== Segment start ==

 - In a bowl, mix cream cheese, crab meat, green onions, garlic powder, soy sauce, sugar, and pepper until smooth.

== Segment end ==
== Segment start ==

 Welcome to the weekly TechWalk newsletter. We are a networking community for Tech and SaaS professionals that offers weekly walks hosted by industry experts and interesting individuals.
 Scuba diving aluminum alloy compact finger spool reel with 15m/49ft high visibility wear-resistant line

== Segment end ==

• PROBLEM DESCRIPTION: Return exactly, and only, the lines above starting at the line that contains "Welcome to the" and ending at the line that contains "Scuba diving aluminum".

• RESPONSE:
 Welcome to the weekly TechWalk newsletter. We are a networking community for Tech and SaaS professionals that offers weekly walks hosted by industry experts and interesting individuals.
 Scuba diving aluminum alloy compact finger spool reel with 15m/49ft high visibility wear-resistant line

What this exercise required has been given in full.